START Provided data

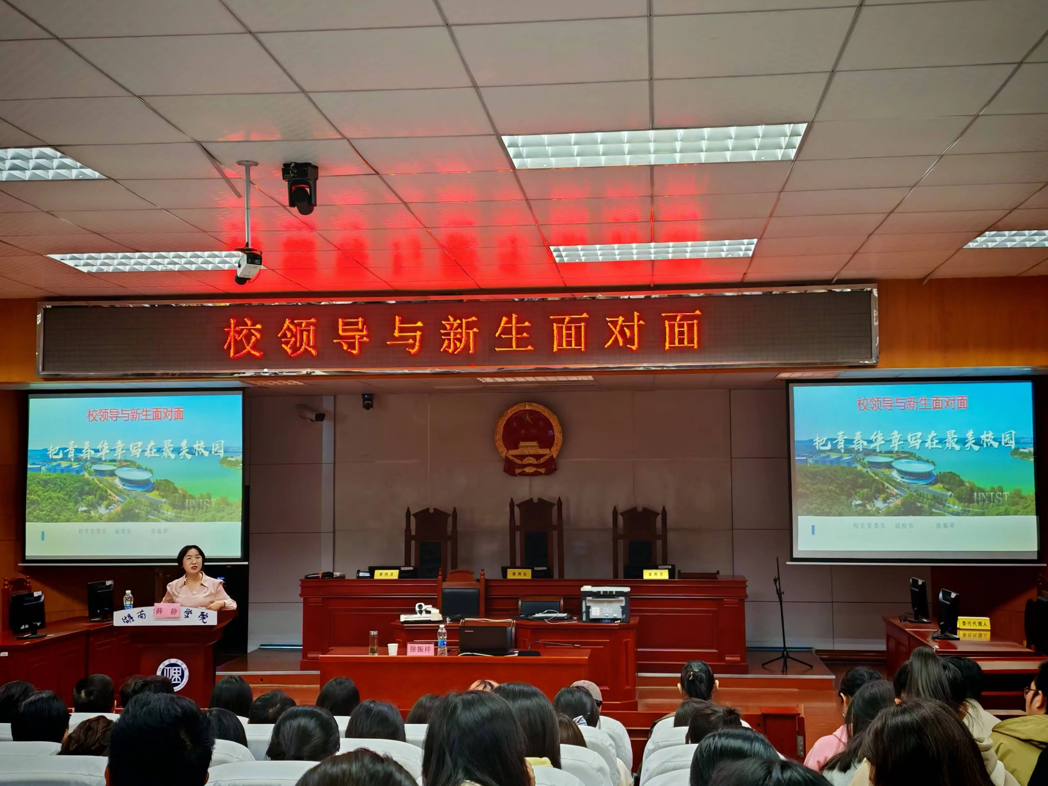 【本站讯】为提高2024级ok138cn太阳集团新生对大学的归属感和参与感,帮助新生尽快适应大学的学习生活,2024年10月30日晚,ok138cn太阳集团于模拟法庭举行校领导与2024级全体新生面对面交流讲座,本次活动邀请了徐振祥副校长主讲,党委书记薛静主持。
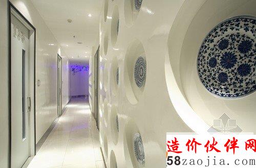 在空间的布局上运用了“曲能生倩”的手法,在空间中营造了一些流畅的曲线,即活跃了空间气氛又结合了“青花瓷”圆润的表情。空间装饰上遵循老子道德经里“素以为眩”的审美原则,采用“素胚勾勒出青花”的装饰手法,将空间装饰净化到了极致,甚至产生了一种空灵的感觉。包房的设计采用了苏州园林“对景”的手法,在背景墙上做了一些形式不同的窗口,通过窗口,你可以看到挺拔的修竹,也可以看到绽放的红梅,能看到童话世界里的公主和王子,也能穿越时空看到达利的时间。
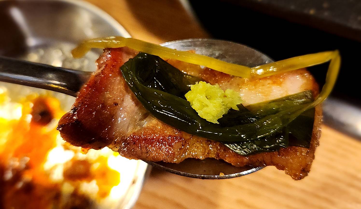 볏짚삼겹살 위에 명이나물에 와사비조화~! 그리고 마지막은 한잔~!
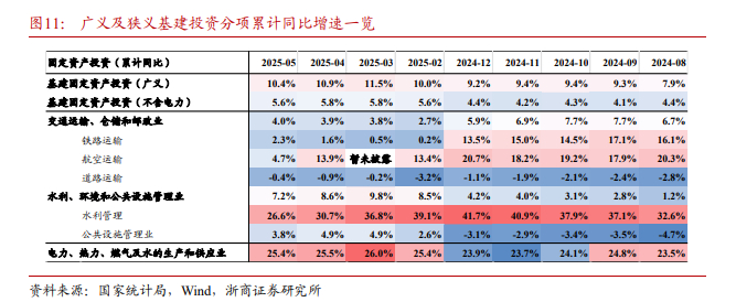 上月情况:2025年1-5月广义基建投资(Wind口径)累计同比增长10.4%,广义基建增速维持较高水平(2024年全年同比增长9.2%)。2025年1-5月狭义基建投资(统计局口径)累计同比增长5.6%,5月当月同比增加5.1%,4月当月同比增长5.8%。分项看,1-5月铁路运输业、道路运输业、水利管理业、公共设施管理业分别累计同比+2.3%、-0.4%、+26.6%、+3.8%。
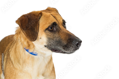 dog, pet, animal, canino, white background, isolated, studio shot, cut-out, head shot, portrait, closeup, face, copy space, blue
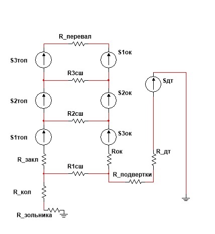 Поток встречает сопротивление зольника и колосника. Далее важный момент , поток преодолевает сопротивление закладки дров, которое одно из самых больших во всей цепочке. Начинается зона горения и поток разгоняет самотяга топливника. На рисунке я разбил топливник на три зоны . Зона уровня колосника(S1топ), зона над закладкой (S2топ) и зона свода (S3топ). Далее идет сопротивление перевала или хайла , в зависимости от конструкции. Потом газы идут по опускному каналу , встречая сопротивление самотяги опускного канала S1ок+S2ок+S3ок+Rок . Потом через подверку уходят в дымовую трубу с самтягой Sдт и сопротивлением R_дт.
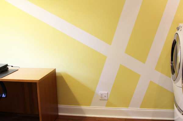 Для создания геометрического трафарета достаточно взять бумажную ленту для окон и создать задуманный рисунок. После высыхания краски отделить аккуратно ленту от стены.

END Provided data

Work order: Could the entries above be retyped exactly, with the pictures left out?

Answer to the problem:
 【本站讯】为提高2024级ok138cn太阳集团新生对大学的归属感和参与感,帮助新生尽快适应大学的学习生活,2024年10月30日晚,ok138cn太阳集团于模拟法庭举行校领导与2024级全体新生面对面交流讲座,本次活动邀请了徐振祥副校长主讲,党委书记薛静主持。
 在空间的布局上运用了“曲能生倩”的手法,在空间中营造了一些流畅的曲线,即活跃了空间气氛又结合了“青花瓷”圆润的表情。空间装饰上遵循老子道德经里“素以为眩”的审美原则,采用“素胚勾勒出青花”的装饰手法,将空间装饰净化到了极致,甚至产生了一种空灵的感觉。包房的设计采用了苏州园林“对景”的手法,在背景墙上做了一些形式不同的窗口,通过窗口,你可以看到挺拔的修竹,也可以看到绽放的红梅,能看到童话世界里的公主和王子,也能穿越时空看到达利的时间。
 볏짚삼겹살 위에 명이나물에 와사비조화~! 그리고 마지막은 한잔~!
 上月情况:2025年1-5月广义基建投资(Wind口径)累计同比增长10.4%,广义基建增速维持较高水平(2024年全年同比增长9.2%)。2025年1-5月狭义基建投资(统计局口径)累计同比增长5.6%,5月当月同比增加5.1%,4月当月同比增长5.8%。分项看,1-5月铁路运输业、道路运输业、水利管理业、公共设施管理业分别累计同比+2.3%、-0.4%、+26.6%、+3.8%。
 dog, pet, animal, canino, white background, isolated, studio shot, cut-out, head shot, portrait, closeup, face, copy space, blue
 Поток встречает сопротивление зольника и колосника. Далее важный момент , поток преодолевает сопротивление закладки дров, которое одно из самых больших во всей цепочке. Начинается зона горения и поток разгоняет самотяга топливника. На рисунке я разбил топливник на три зоны . Зона уровня колосника(S1топ), зона над закладкой (S2топ) и зона свода (S3топ). Далее идет сопротивление перевала или хайла , в зависимости от конструкции. Потом газы идут по опускному каналу , встречая сопротивление самотяги опускного канала S1ок+S2ок+S3ок+Rок . Потом через подверку уходят в дымовую трубу с самтягой Sдт и сопротивлением R_дт.
 Для создания геометрического трафарета достаточно взять бумажную ленту для окон и создать задуманный рисунок. После высыхания краски отделить аккуратно ленту от стены.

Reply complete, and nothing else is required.